One of the episodes of this sluggish pre-election period was the confrontation SYRIZA – PASOK for one who (has the right) to express his heritage Andrea Papandreou. What makes two centre-left parties compete for a distant moment in our political history? Shadowboxing over a box of yellowed photographs? Postmodern nostalgia for the good old days, reflected in social media parodies of memes like “With Andrea, we got a present for Santa Claus”?

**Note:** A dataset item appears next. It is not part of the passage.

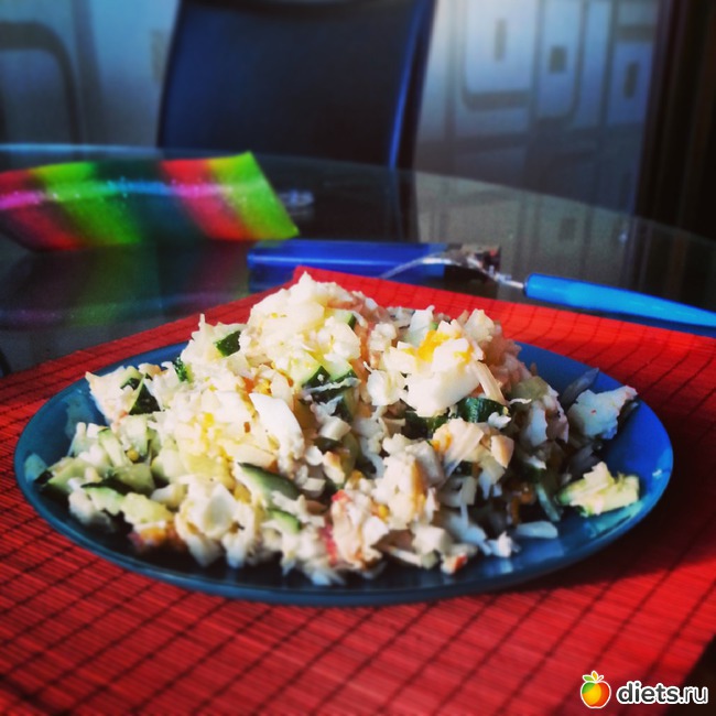 ну, а на ужин я сделала салат из огурцов, лука, снежного краба и яиц. хотела туда еще икры положить - но потмо вспомнила какой ужас получился ней прошлый раз

This is not out of the question. At the same time, Andreas Papandreou summarizes something more. Political history, like history in general, is not just history written by “great personalities.” However, sometimes faces condense its great turns and become the stakes of the present. “Andreas” is a metonym for one of the two founding moments of post-colonialism, that is, the political universe in which we still live. If Konstantinos Karamanlis, arriving from Paris on Giscard’s plane, personifies the transition to democracy, then Professor Berkeley, in his leather jacket, sideburns and pipe, signals its consolidation.
The explosion of expectations in the first post-colonization – with a historical and political character, since it came from the “Kakhetian democracy” excluded from the post-conflict – could only be temporarily represented by Karamanly N.D. PASOK was a new ideological and political formation that organized widespread radicalism, expectations, demands.
This was the “moment” when the entry of the masses into politics, which developed in the lost spring of the 60th before being forcibly interrupted by the dictatorship, came to an end. The masculine PASOK made available political representation that may not have been necessarily socialist (albeit leftist), but went beyond Karamanism. He based his rule on an updated version of the intersection of the pre-dictatorial right and anti-right, as well as on personality-oriented populism, which became a means of power and social ascension rather than a challenge to the petty bourgeoisie, and on an ethnocentric anti-Western rhetoric that quickly and effectively reconciled with the European belonging (see also A. Pantazopoulos, For the People and the Nation: A Moment by Andreas Papandreou, Polis, 2001).
Hence his relationship with the communist left, which was ambivalent. By 1985, there was conflict between PASOK and the KKE, especially at the local government level. In the Renewed Left, Angelos Elefantis wrote that “from the point of view of socialism, PASOK leaves us coldly indifferent”, since in place of the national pride of the nation, he puts the instrumental people; Nikos Poulantzas, influenced by the march of Mitterrand’s Socialists with the Eurocommunists of the Marche, he was looking for a plural of left a la Greek that would also include PASOK as a mass socialist movement.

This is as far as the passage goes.